Эх, был бы сейчас жив Лёха, был бы рядом. Он бы подсказал… Да и не подсказал бы — скомандовал:
— Ты кто — солдат или говно на палке? Ведь это враг, боец, враг! И раздумывать тут нечего. Тут или ты его — или он тебя!
Но нет рядом взводного. Самому решать.
* * *
Проснулся старик на час раньше, чем обычно — ещё и пяти не было. Привычно заправил кровать, достал с антресолей заготовленный с вечера вещмешок. Не зажигая свет, бесшумно скользя войлочными тапками по вытертому линолеуму коридора, добрался до комнаты внучки. Тихо приоткрыл дверь. На низкой тумбочке горел ночник, правнучка, закутавшись и свернувшись комочком, спала в своей кроватке. Вернувшийся поздно и навеселе Семён, видимо, был изгнан на диван и заливисто похрапывал там, свесив на пол белую безволосую ногу в коричневом носке.

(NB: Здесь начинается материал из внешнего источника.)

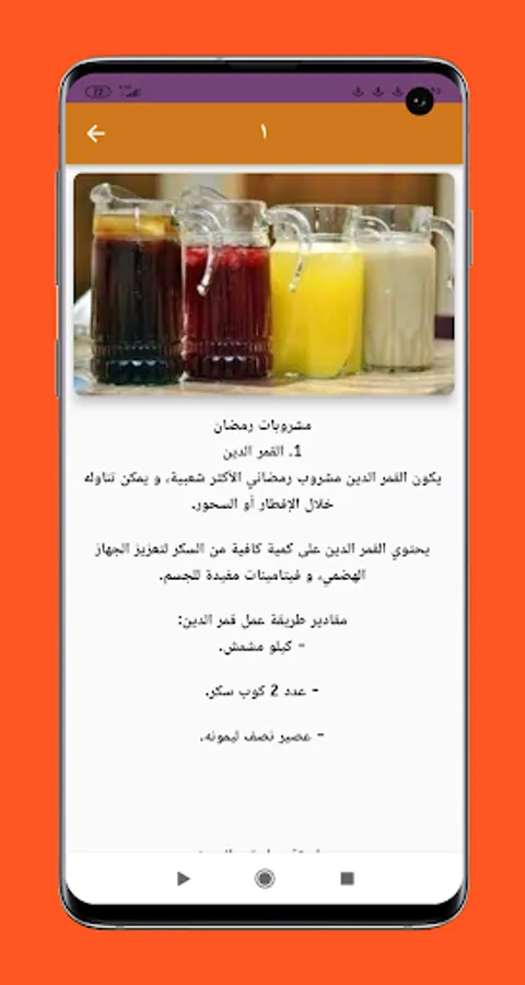 Ramadan drinks: Drinks are often served during the holy month of Ramadan, due to the great need of the fasting person to replace the fluids he lost after a full day of fasting, especially if the month of Ramadan is one of the hot summer months, as drinking cold drinks at breakfast time works to compensate for the lost fluids and hydrate the body. The most famous of these drinks are tamarind drink, Qamar al-Din drink, khashaf drink, gulab drink, and many others.

Старик смотрел на спящего и думал, что если закрыть ему сейчас ладонью рот, быстро воткнуть нож, зажатый в правой руке, в ямочку между ключиц, и навалиться всем телом, то даже его, старика, сил и веса хватит, чтобы длинный золлингеновский клинок вошёл по самую рукоятку, до момента, когда внутри, в глубине хрустнет шейный позвонок, и вздыбившееся дугой тело врага опадёт, выпрямиться и застынет. Внучка старика, разметавшись по центру двуспальной кровати и отбросив одеяло, спала на спине, выставив наружу уже заметно выпирающий живот.

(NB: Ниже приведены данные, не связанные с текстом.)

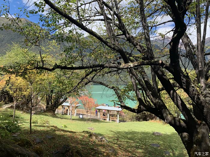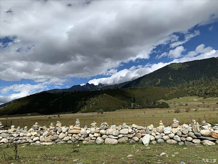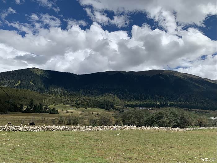 游客不多,心里暗爽,进了大门先坐大巴约35km盘山路……然后换乘电瓶车一路漂移10km左右(恩,高反刚适应,我又已经被晃吐了……)就这样坐了一个半小时到了卸货点洛绒牛场,已经11点了…不过景色也越来越美,感觉之前这一切都是值得的,不过,地狱的大门似乎刚刚才打开,而我们却浑然不觉……

— Кто, интересно, родится? — подумал старик. — Мальчик, конечно, мальчик. Правнук. Должен же быть в семье хоть один мужик. «До правнуков доживают только праведники» — вспомнил он присказку взводного и улыбнулся. У самого взводного детей не было, не получилось у них, воспитывал детей, а потом и внуков вдовы, с которой жил. А до правнуков не дожил.
Старик выходил из города той же дорогой, по которой возвращался после демобилизации почти шестьдесят лет назад, таким же тёплым августовским утром сорок пятого года. Тогда после недельного мотания в товарных наспех переоборудованных вагонах он вышел на перрон пересадочной узловой станции. Оставалось лишь дождаться ещё одного, последнего на этом пути поезда — того, что, пыхтя и обдавая паровозной гарью, часов за пять со всеми остановками довезёт его до родного города, до дома, в котором он не был уже почти три года. Но нетерпение было так велико, что когда выяснилось, что нужный ему состав прибудет только вечером, он не задумываясь спрыгнул с платформы и пошёл, чутьём угадывая направление, по ещё не размякшей к осени грунтовке. И так же как сейчас, в вещмешке у него лежали лишь немецкие офицерские сапоги, тот самый нож с двумя пляшущими у гарды человечками, консервы, папиросы, да несколько фланелевых пелёнок — на портянки. Только тогда пелёнки были немецкие, прихваченные на том же вещевом складе, где под прикрытием взводного он сунул под гимнастёрку новенькие сапоги. Тогда в сорок пятом он переобулся только перед входом в город, уже ближе к вечеру. Протёр и аккуратно сложил в мешок свои стоптанные кирзачи, выкинул пропотевшие за долгую дорогу портянки и, обмотав ступни нежно-голубой фланелью, надел трофейные — мягкие, блестящие и так уютно облегавшие ногу. Он не надевал эти сапоги с тех пор — не собирался и сейчас. Всё это было уже не важно — хотелось просто идти, и чтобы дорога никогда не кончалась. И если что-то ему и хотелось повторить из всей своей долгой жизни, так только лишь тот давний полный надежд утренний путь домой.